By the time of Mughal rule, a majority of its residents did not live within the walled city itself, but instead lived in suburbs that had spread outside of the city's walls. Only 9 of the 36 urban quarters around Lahore, known as guzars, were located within the city's walls during the Akbar period. During this period, Lahore was closely tied to smaller market towns known as qasbahs, such as Kasur, Eminabad, and Batala in modern-day India. These, in turn, linked Lahore's markets to supply chains starting in villages surrounding each qasbah.

Urban administration under the Mughals was minimal, and most streets aside from major thoroughfares were privately maintained. The kotwal was imbued with the responsibility to manage day-to-day affairs in the city, and was subordinate to a Qazi judge. The local Mohalladar would surveil individual mohalla neighbourhoods, and register births and deaths within his mohallah. The positions were also maintained later during Sikh and British rule.

====Akbar====
Lahore's eminence largely began after 1584, when the Emperor Akbar ordered a palace to be built at the site where the Lahore Fort now stands, after shifting his capital to Lahore from Fatehpur Sikri.
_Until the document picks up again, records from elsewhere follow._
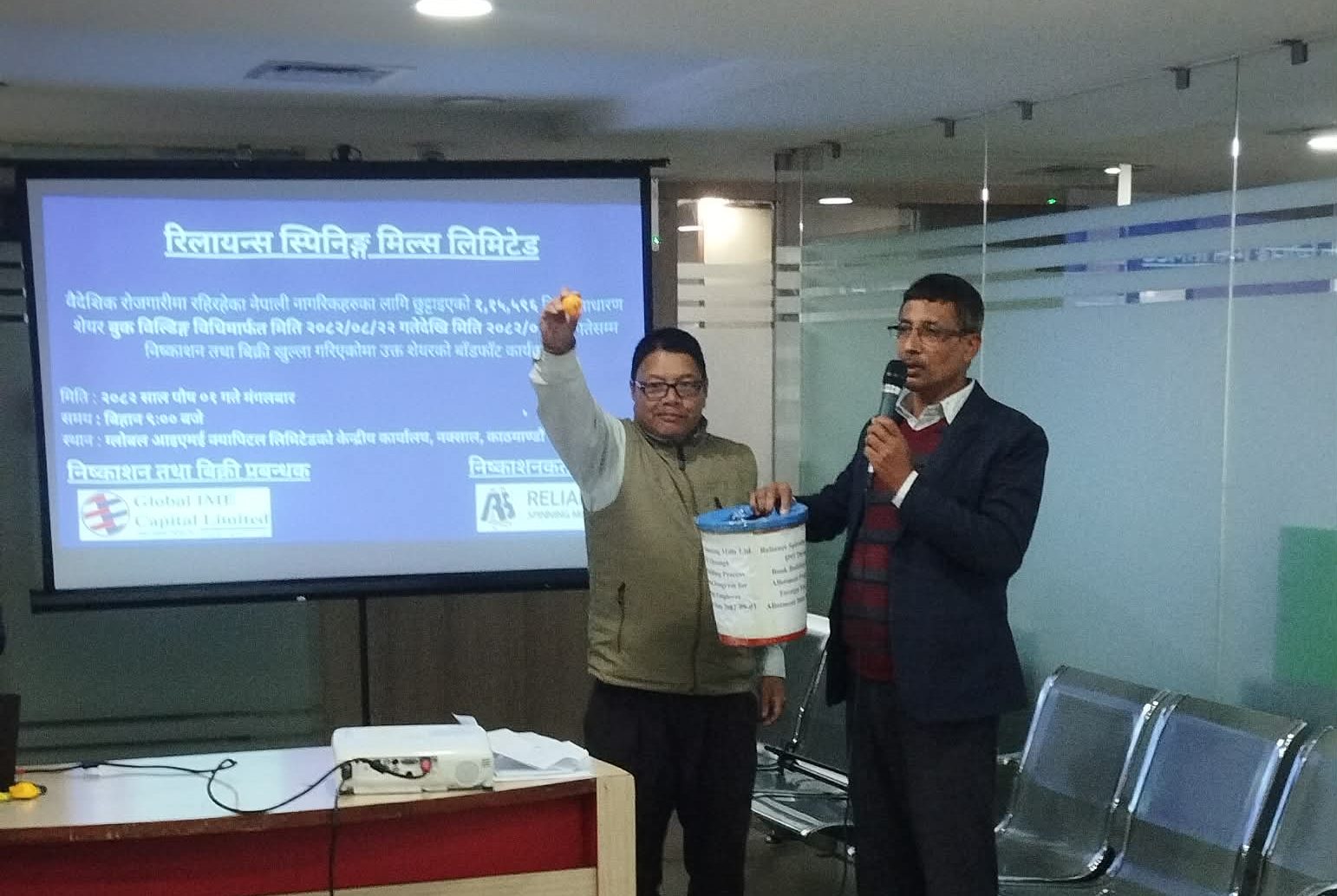 काठमाडौं । रिलायन्स स्पिनिङ्ग मिल्स लिमिटेडले मंसिर २२ देखि २५ गतेसम्म वैदेशिक रोजगारीमा रहेका नेपालीहरूका लागि निष्कासन गरेको आईपीओ आज बाँडफाँड गरेको छ।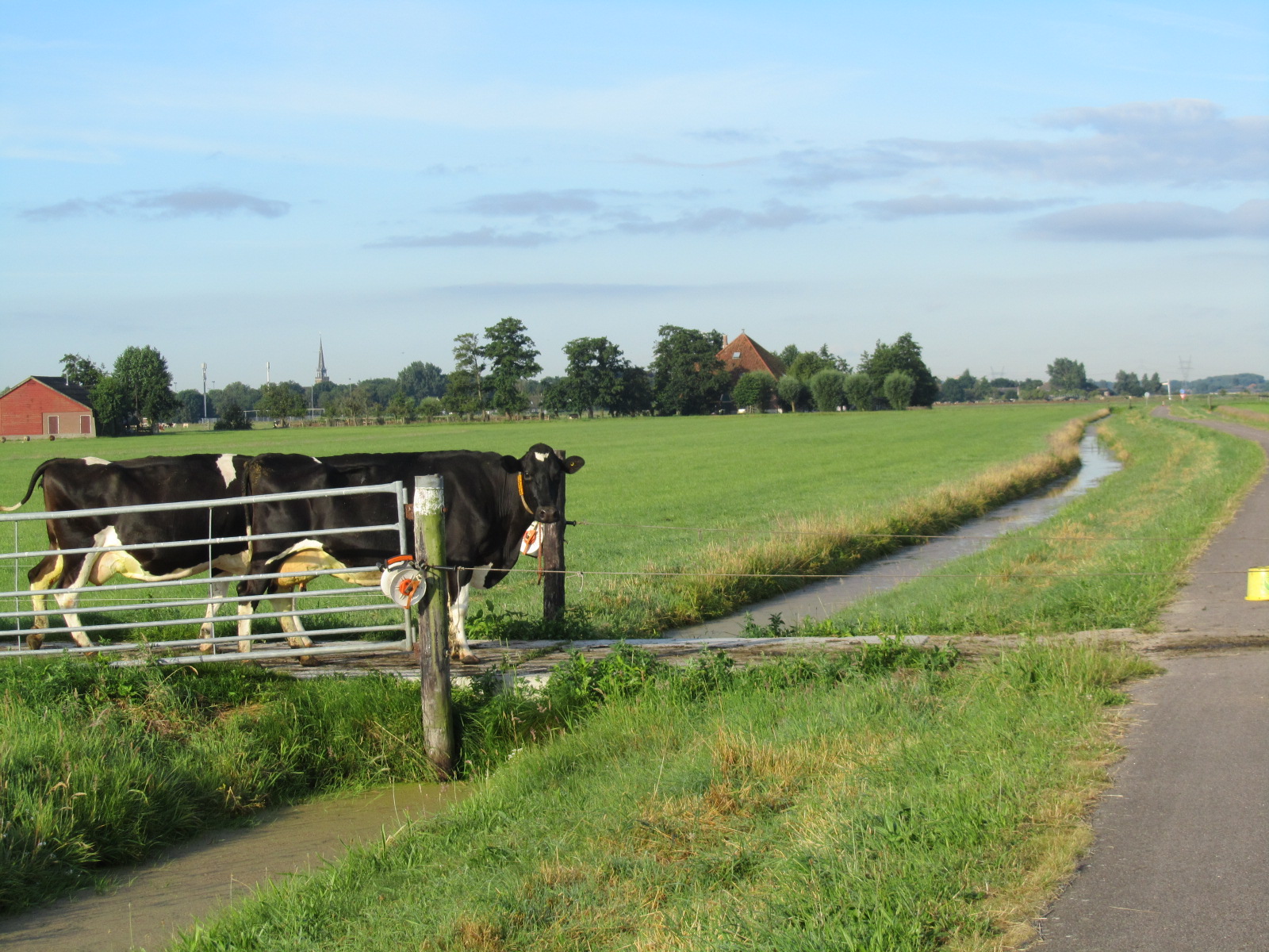 De laatste weken vind ik mijn pad geblokkeerd door gele emmers en touw. De koeien moeten oversteken van het ene weiland naar het andere. Gelukkig blijven ze rustig wachten en bekijken hoe ik onder het touw doorkruip. Als ik zou wachten tot de laatste koe overgestoken is, zou ik te laat op mijn werk komen.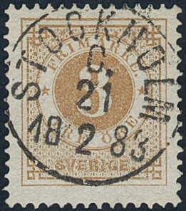 Sweden. Facit 28d used, 3 öre yellow-brown. EXCELLENT cancellation STOCKHOLM C 21.2.1883.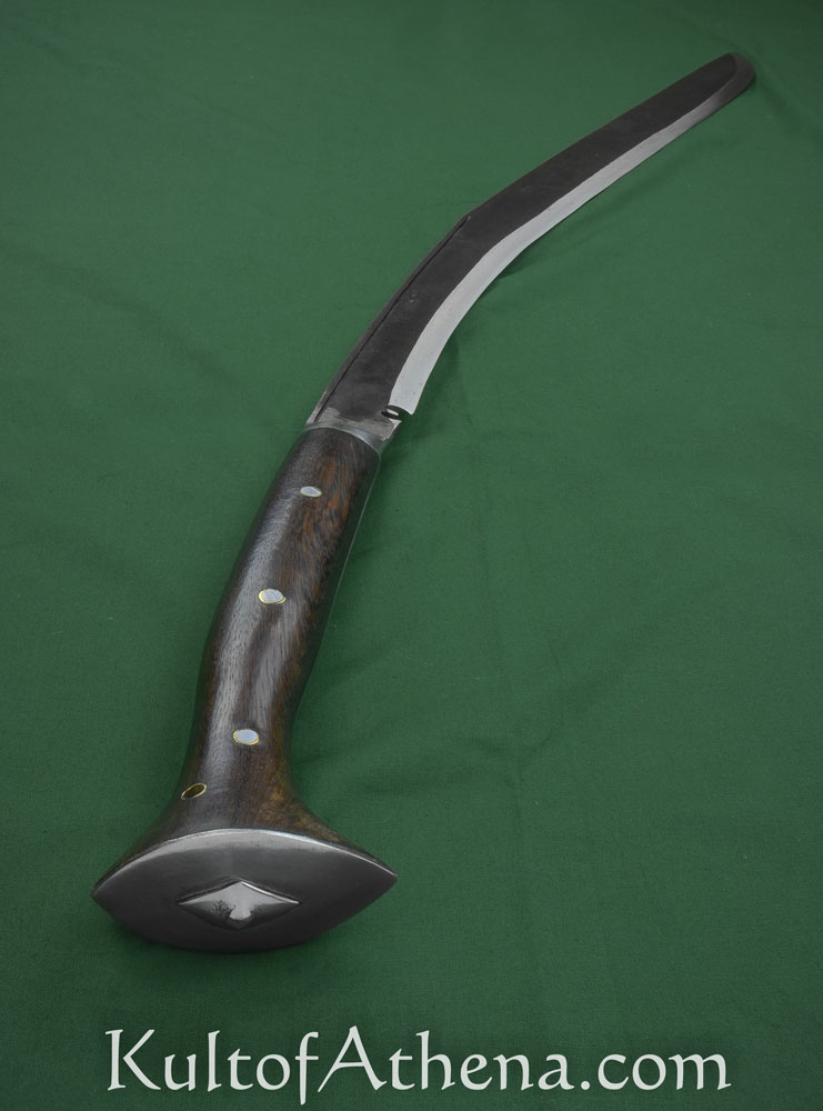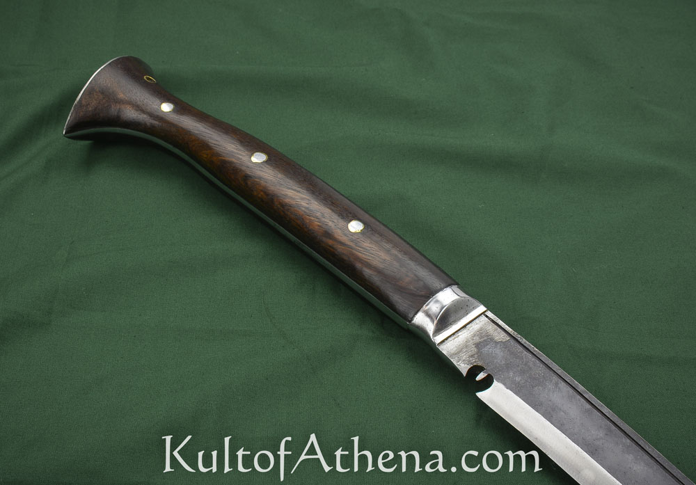 Some other things I’d like to mention, it did come sharp which was very nice. after the first session I didn’t really notice any edge wear or warping of the spine. the scabbard looks very nice but does hold onto the blade a little tightly making it difficult to draw and put back. the grip was a little disappointing and a little confusing. the rivets for the handle scales where completely flush on one side but on the other side they where not and stuck out a noticeably distance. There where a few gaps and inconsistency with how the grip its self was assembled but not anything that would compromise integrity. overall it was nice but i think more mass should be put near the hilt that might fix whats happened, I’m not sure though it could be a list of reasons why it would have broken there. I can’t recommend it for hard use which seems to be this kind of blades niche.

He also ordered rebuilt and fortified the city's walls, and ordered their extension east of the modern Shah Alami Bazaar to encompass an open plain known as the Rarra Maidan. Lahore's old gates were also built around this time. Akbar also established the Akbari Mandi as a grain market at the city's easternmost edge - a grain market that still exists in the present day. During his reign, Mughal nobles were encouraged to build palaces and gardens in and around Lahore, and many of Lahore's first haveli mansions date from this period.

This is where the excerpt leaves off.